I'm not sure how you'd get z to so many decimal places (unless you have super tables), but there are two things I think you've missed. Firstly is you want 0.98 rather than the 0.96 you mention, can you think why? And the other is I think you've looked for 0.96 within the table, i.e. you've set Z=0.96, rather than looking for what Z gives the probability 0.96 (and again, all those 0.96s should be 0.98 :tongue:

).

Reply 2

Prestoria

OP

9

Original post by Hopple

I'm not sure how you'd get z to so many decimal places (unless you have super tables), but there are two things I think you've missed. Firstly is you want 0.98 rather than the 0.96 you mention, can you think why? And the other is I think you've looked for 0.96 within the table, i.e. you've set Z=0.96, rather than looking for what Z gives the probability 0.96 (and again, all those 0.96s should be 0.98 :tongue:

).

Oh, you're right - I checked 0.98 in the tables and it gives 2.0537 (the formula book from AQA gives to 4 decimal places). Just me being careless.. thanks very much!

Reply 3

Jasprar

Sorry, Why is it 0.98 and not 0.96? Thanks. :smile:

Reply 4

maggiehodgson

14

I have to say that I don't understand why BUT whatever the confidence interval % is, you subtract it from 100, divide the result by 2 and add it back on to the original percentage. No idea why.

So if you wanted 98% CI you would look up 99 in the table and for 99% CI you'd look up 99.5.

If anyone knows the reason why I'd be pleased to hear.

Reply 5

Music99

4

Original post by maggiehodgson

I have to say that I don't understand why BUT whatever the confidence interval % is, you subtract it from 100, divide the result by 2 and add it back on to the original percentage. No idea why.

So if you wanted 98% CI you would look up 99 in the table and for 99% CI you'd look up 99.5.

If anyone knows the reason why I'd be pleased to hear.

Because you are going either way, you want the upper and lower part of the interval so you divide by 2 :smile:

.

Reply 6

maggiehodgson

14

Thanks for trying to help but I'm so unclued-up about statistics that what you've told me means nothing to me.

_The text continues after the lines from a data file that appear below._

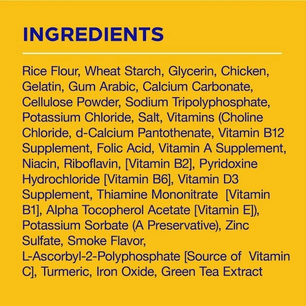 Rice Flour, Wheat Starch, Glycerin, Gelatin, Gum Arabic, Calcium Carbonate, Natural Poultry Flavor, Powdered Cellulose, Sodium Tripolyphosphate, Iodized Salt, Potassium Chloride, Vitamins (Choline Chloride, L-Ascorbyl-2-Polyphosphate [Source of Vitamin C], D-Calcium Pantothenate, Vitamin B12 Supplement, Vitamin A Supplement, Niacin, Riboflavin Supplement [Vitamin B2], Pyridoxine Hydrochloride [Vitamin B6], Vitamin D3 Supplement, Thiamine Mononitrate [Vitamin B1], Folic Acid, Alpha Tocopherol Acetate [Source of Vitamin E], Potassium Sorbate (a Preservative), Parsley, Eucalyptus Oil, Zinc Sulfate, Green Tea Extract, Copper Sulfate, Blue 2, Yellow 5.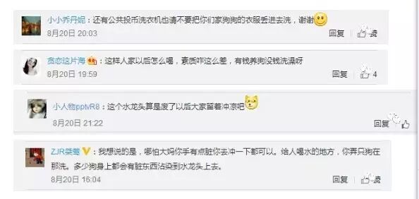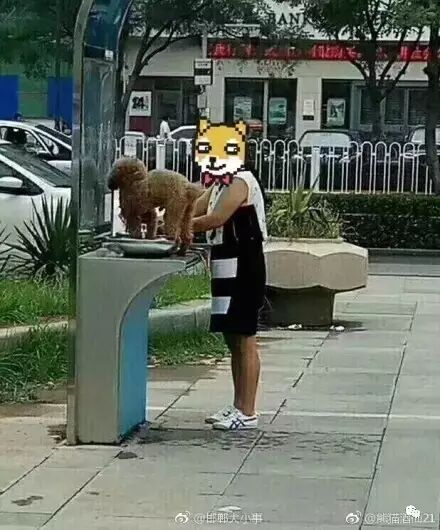 8月19日当天,网友@熊猫酒仙21爆料,邯郸市一大妈在公共直饮水机上给狗洗澡。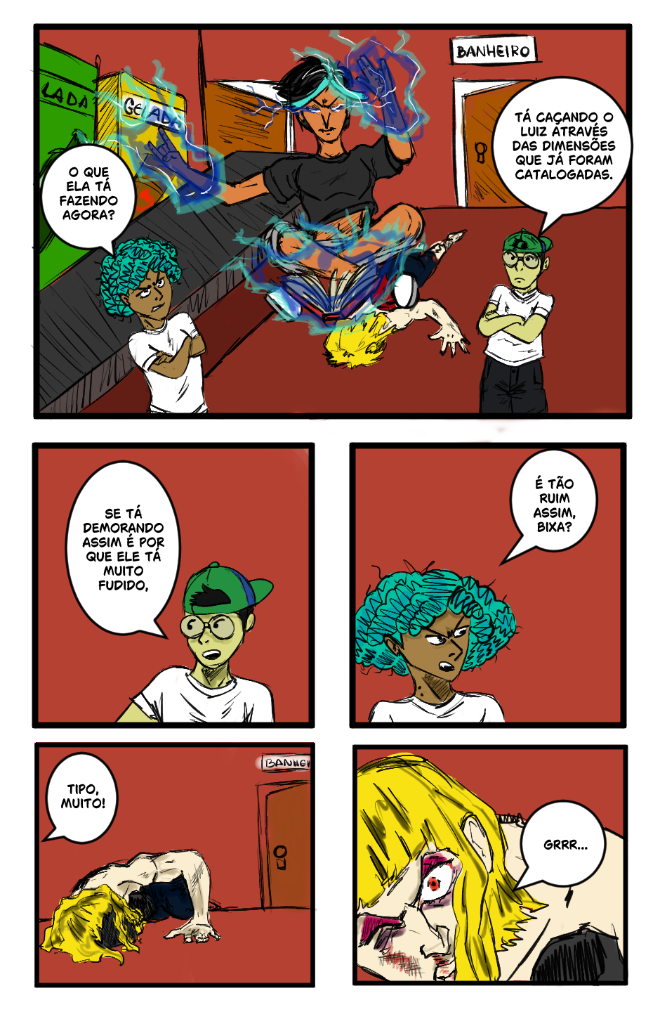 Enquanto Ana está procurando por Luiz, Arlindo e Lucy discuntem sobre onde o garçom pode estar.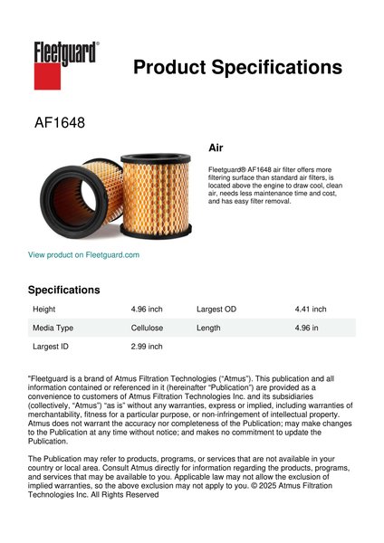Fleetguard® AF1648 air filter offers more filtering surface than standard air filters, is located above the engine to draw cool, clean air, needs less maintenance time and cost, and has easy filter removal.Specification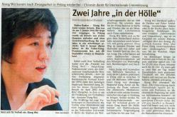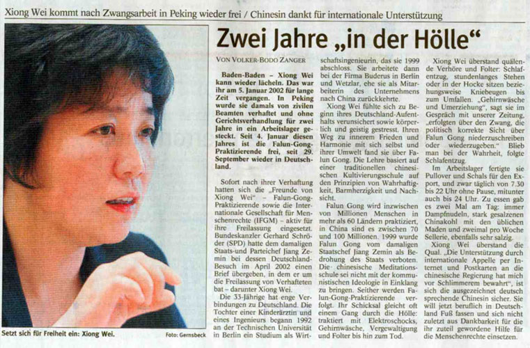 【明慧网2004年11月30日讯】法轮功学员熊伟因散发法轮功真象传单在北京街头被捕,后被非法劳教两年,德国巴第施日报刊登了题为“两年的‘地狱’生活”的文章,披露了熊伟在劳教所受到的各种非人的虐待。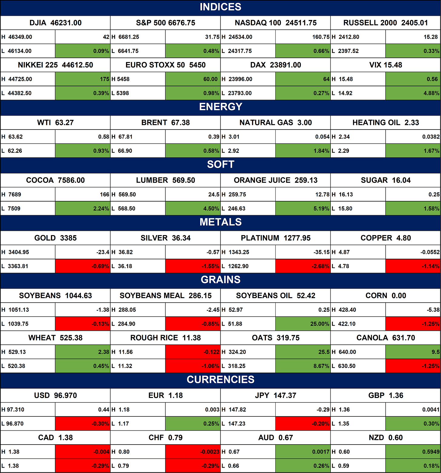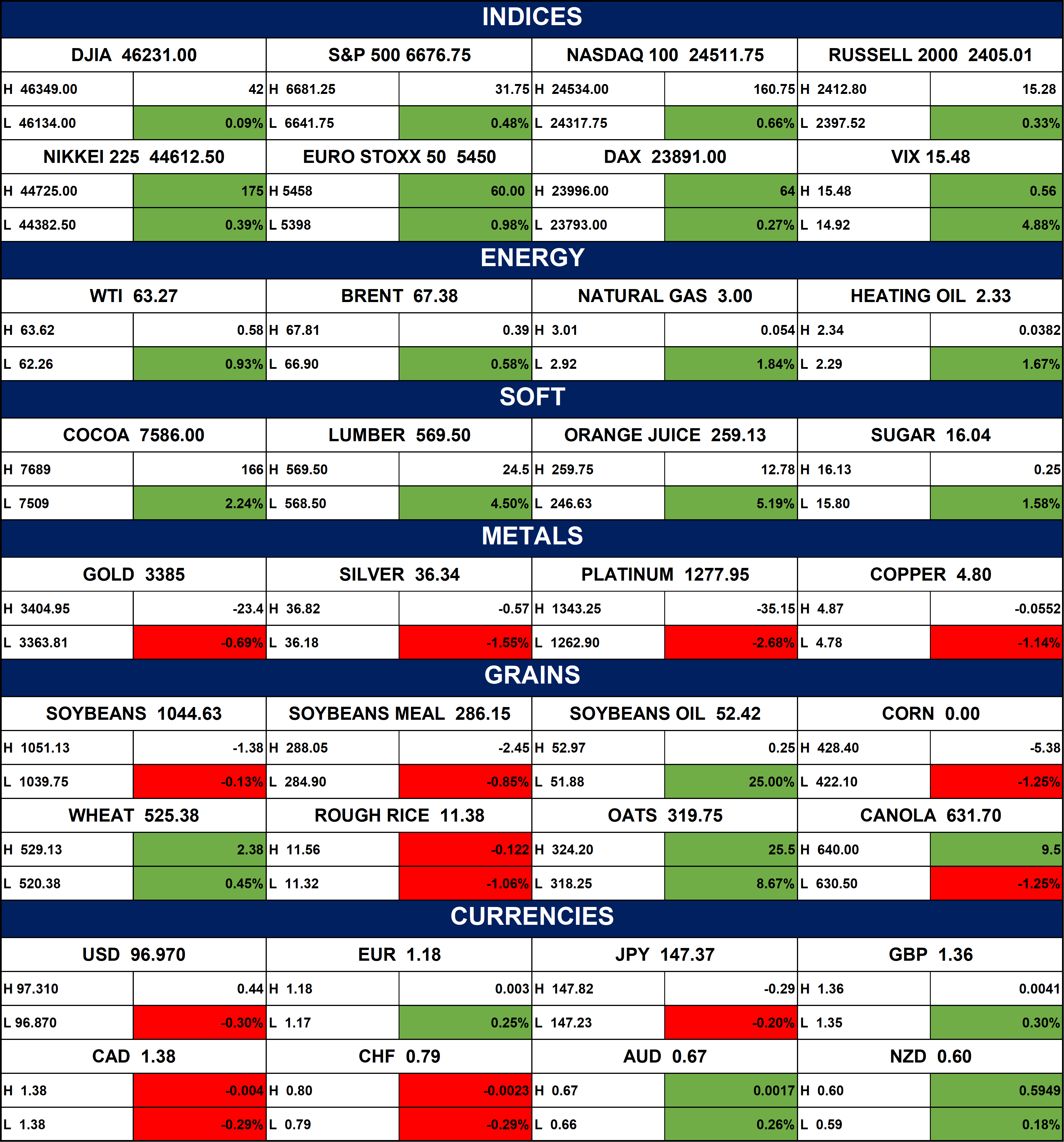 The table below shows that the Global stocks gained across major indices, oil and energy prices rose, and soft commodities like cocoa, lumber, and orange juice saw strong rallies. Metals declined, with gold, silver, platinum, and copper all down. Grains were mixed oats surged, while corn and canola fell. The U.S. dollar weakened slightly, while the euro and New Zealand dollar strengthened.

But what I'll do now is go and read it up bearing in mind what you've said and see if I can cobble it together.

TSR is the best.

Reply 7

davros

16

Original post by maggiehodgson

Thanks for trying to help but I'm so unclued-up about statistics that what you've told me means nothing to me. But what I'll do now is go and read it up bearing in mind what you've said and see if I can cobble it together.

TSR is the best.

I haven't got a drawing package to hand, so here's a wordy explanation:

think about the Normal distribution and imagine marking out an interval on the x-axis centred on the mean which is going to be your 96% confidence interval for some measurement - in other words, you want to be 96% confident that your desired value lies in that interval.

That leaves you with a 4% "non-confident" bit left over, and because of the symmetry of the Normal distribution that means you have a 2% "bit" at the left before the start of the confidence interval, and a 2% "bit" at the right after the end of the interval.

Now forget about the confidence interval for a minute and pretend you're asked to work out that "2% bit" on the right. This is the same as 1 (which is total probability) minus the 98% bit to the left of it (which in other words is 98% cumulative probability which you can find in a table).

So, you can derive the "2% right bit" from a 98% cumulative probability value, and now you need to double this to account for the bit at the left hand too. This gives us our "area" that lies outside the 96% confidence interval.